##### Dataset extract #####
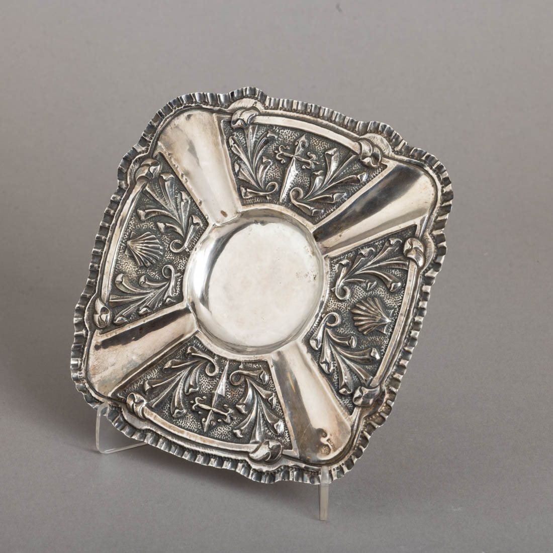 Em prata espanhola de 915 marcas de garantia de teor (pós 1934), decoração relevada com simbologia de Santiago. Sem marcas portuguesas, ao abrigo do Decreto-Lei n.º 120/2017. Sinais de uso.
#####
##### Dataset extract #####
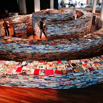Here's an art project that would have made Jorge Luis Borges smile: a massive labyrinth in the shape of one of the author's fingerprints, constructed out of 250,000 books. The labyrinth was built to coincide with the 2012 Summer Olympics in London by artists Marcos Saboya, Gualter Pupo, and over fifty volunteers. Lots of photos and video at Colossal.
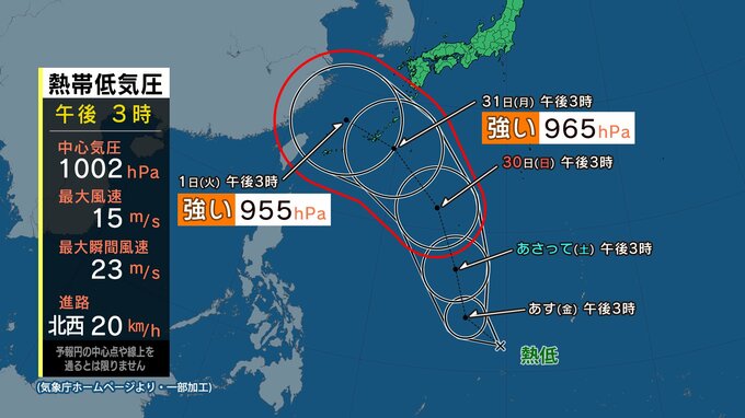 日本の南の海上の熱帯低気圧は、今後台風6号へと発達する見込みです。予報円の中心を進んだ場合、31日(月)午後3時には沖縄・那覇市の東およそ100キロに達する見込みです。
#####
### Exercise brief:
For the material above, give again only the lines starting at the line that contains "Here's an art" and ending at the line that contains "日本の南の海上の熱帯低気圧は". Pictures do not belong in the copy.

### Output:
Here's an art project that would have made Jorge Luis Borges smile: a massive labyrinth in the shape of one of the author's fingerprints, constructed out of 250,000 books. The labyrinth was built to coincide with the 2012 Summer Olympics in London by artists Marcos Saboya, Gualter Pupo, and over fifty volunteers. Lots of photos and video at Colossal.
 日本の南の海上の熱帯低気圧は、今後台風6号へと発達する見込みです。予報円の中心を進んだ場合、31日(月)午後3時には沖縄・那覇市の東およそ100キロに達する見込みです。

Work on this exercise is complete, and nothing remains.